Liberum forecasts negative free cash flow until FY25, hence why the shares look "optically cheap" at only 0.4x EV/sales and 9x EV/EBITDA.

"With no FCF or dividend support, diminished prospects in its markets and lack of visibility on the scalability of its newer brands, we believe there is better value elsewhere for now," it said.

Analysts at Berenberg lowered their target price on food manufacturer Hilton Food Group from 850.0p to 790.0p on Friday after the company's seafood unit fell short of its quota.

Berenberg highlighted that Hilton Food's trading update on Tuesday indicated that its seafood business, which makes up roughly 10% of revenues, was set to deliver "a softer performance than initially expected".

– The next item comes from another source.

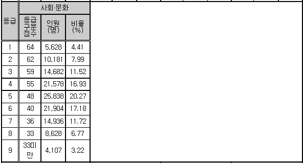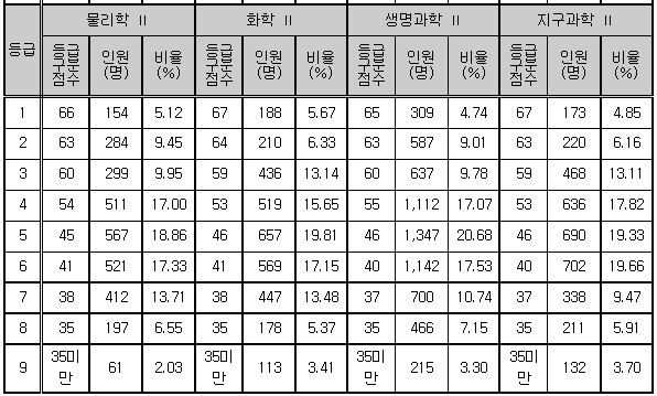 사회·과학탐구 영역의 과목별 등급 구분 표준점수와 등급별 인원 및 비율은 <표 Ⅱ-5>와 같다.

The German bank noted that Hilton's seafood division did not have the same cost pass-through mechanisms as its core processing business, and slower progress renegotiating pricing with customers had now caused it to deliver its second profit warning in as many months.

"While visibility is low and investor confidence is dented, these challenges are not unique and its valuation remains attractive, in our view," said Berenberg, which maintained its 'buy' rating on the stock but lowered its price target in order to reflect a lower earnings track and a higher risk premium.

Analysts at Deutsche Bank raised their target price on retailer B&M from 395.0p to 415.0p on Friday as it cautioned investors not to "ignore the margin elephant in the room".

Deutsche Bank said B&M management "came out fighting" with regards to the acceleration in like-for-like trading, "robust" cost management continuing and the recovery in gross margins in the second half of 2022.

However, DB noted that B&M's shares had been marked down by roughly 5% in a strong market as it chose to ignore "some of the big elephants in the room" relating to the 2024 trading year - including utility and other cost pressure and the hedged rates on FX and freight and when these roll off.

"In the short term we think the sales and margin trajectory appear robust as we head into peak and we raise our adjusted EBITDA by 8% to £561.0m and back into their maintained guidance range (£550.0m-600.0m)," said the analysts, who stood by their 'hold' rating on the stock.

"This higher base sees a flowthrough into FY24e but only sees a circa 3% upgrade to £495.0m (from £479.0m) as we think the better-than-expected gross margin achieved in FY23e will see a deferral of pressure into FY24e although we remain circa -10% below consensus."

Analysts at Jefferies initiated their coverage of M&G at a 'buy', telling clients that the firm's projected surplus capital generation and Solvency II ratio provided its new boss with a variety of options.

The investment manager was estimated to generate £2.7bn of surplus capital between 2022-24 while its solvency ratio stood at 235%. That meant that the new chief executive officer's options ranged from liability management, including debt calls, and share buybacks to more radical alternatives, such as entering the bulk annuity market.

Nevertheless, Jefferies' forecasts still called for a reduction of £600.0m in M&G's debt pile and cumulative share buybacks to the tune of £200.0m over the next two years.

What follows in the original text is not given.